Grady is not the acting head of the FDA. The agency’s website lists Dr. Janet Woodcock as the FDA’s acting commissioner. She was named to the position on Jan. 20, the day the previous FDA commissioner, Dr. Stephen Hahn, resigned, according to The New York Times. President Joe Biden’s administration does not appear to have announced a nominee for the permanent role as of press time.
The FDA Office of Media Affairs confirmed in an email to Check Your Fact that Grady is not an FDA employee. (RELATED: Will The FDA Not Authorize Or Approve Any COVID-19 Vaccine?)

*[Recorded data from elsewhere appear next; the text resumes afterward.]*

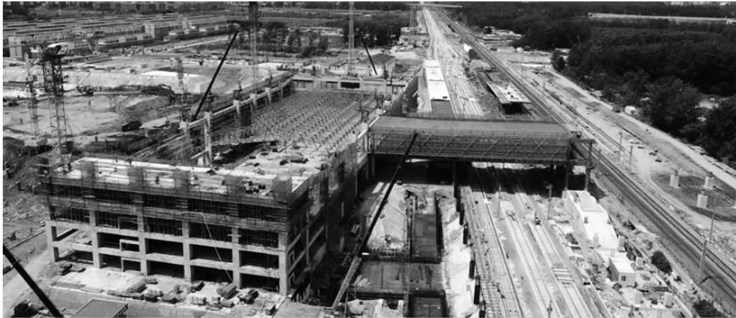
邳州东站站房主体工程已经完工

近日,连徐高铁轨道铺设,正式进入邳州境内,与此同时,邳州东站的建设也在紧锣密鼓地推进。目前,邳州东站站房主体工程已经完工,为连徐高铁今年年底建成通车打下了坚实基础。
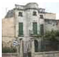
Casal racionalista del carrer de Can Ros
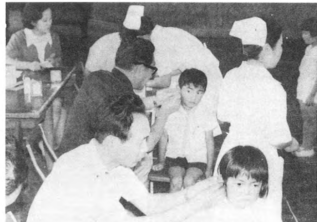
市内小学校で血液型判定奉仕 (46.10)
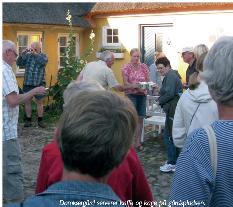
Damkærgård serverer kaffe og kage på gårdspladsen.

Grady serves as the chief of Bioethics at the NIH Clinical Center. The Department of Bioethics “conducts conceptual, empirical, and policy-related research into bioethical issues” and “offers comprehensive training to future bioethicists and educational programs for biomedical researchers and clinical providers,” among other things, according to its website.
Earlier this month, Check Your Fact debunked the claim that Grady is involved in the approval of COVID-19 vaccines.
“Dr. Grady does not approve the conduct of any research protocol and she has no input into the FDA process for issuing EUAs,” NIH Clinical Center spokesperson Maria Maslennikov told Check Your Fact via email at the time. “The authority to issue emergency use authorizations (EUA) and approvals lies with the U.S. Food and Drug Administration (FDA), not the NIH.”